- [DATA SHOWN]:
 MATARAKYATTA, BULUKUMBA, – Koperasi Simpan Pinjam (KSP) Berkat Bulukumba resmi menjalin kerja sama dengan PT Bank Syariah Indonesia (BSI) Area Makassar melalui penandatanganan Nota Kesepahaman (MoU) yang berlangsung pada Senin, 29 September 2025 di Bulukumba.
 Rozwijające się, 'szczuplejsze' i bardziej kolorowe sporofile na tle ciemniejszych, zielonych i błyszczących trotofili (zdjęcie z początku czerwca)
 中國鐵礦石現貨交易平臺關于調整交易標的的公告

...

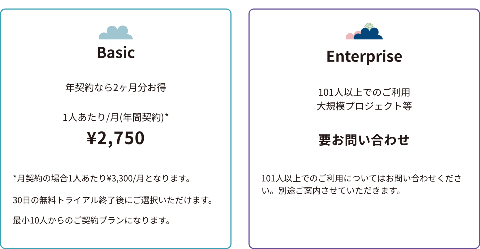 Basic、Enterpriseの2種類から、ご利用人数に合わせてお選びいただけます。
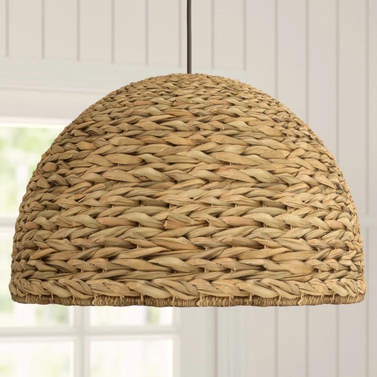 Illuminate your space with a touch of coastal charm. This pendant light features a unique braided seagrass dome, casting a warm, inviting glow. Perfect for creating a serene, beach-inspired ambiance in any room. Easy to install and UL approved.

==

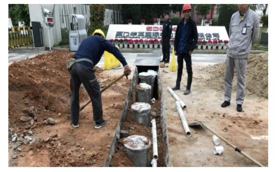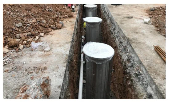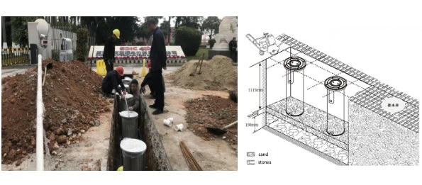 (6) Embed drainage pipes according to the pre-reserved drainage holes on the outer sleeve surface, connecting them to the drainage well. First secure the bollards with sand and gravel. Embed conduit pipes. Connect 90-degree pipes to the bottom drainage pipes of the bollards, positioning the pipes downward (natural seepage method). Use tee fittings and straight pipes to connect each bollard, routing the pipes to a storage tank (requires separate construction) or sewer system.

- [REQUIREMENT]:
Using the data above, give again exactly the lines starting at the one holding "Basic、Enterpri" and ending at the one holding "Illuminate your space", inclusive, and nothing more. Omit the pictures.

- [SOLUTION FOR THIS TASK]:
 Basic、Enterpriseの2種類から、ご利用人数に合わせてお選びいただけます。
 Illuminate your space with a touch of coastal charm. This pendant light features a unique braided seagrass dome, casting a warm, inviting glow. Perfect for creating a serene, beach-inspired ambiance in any room. Easy to install and UL approved.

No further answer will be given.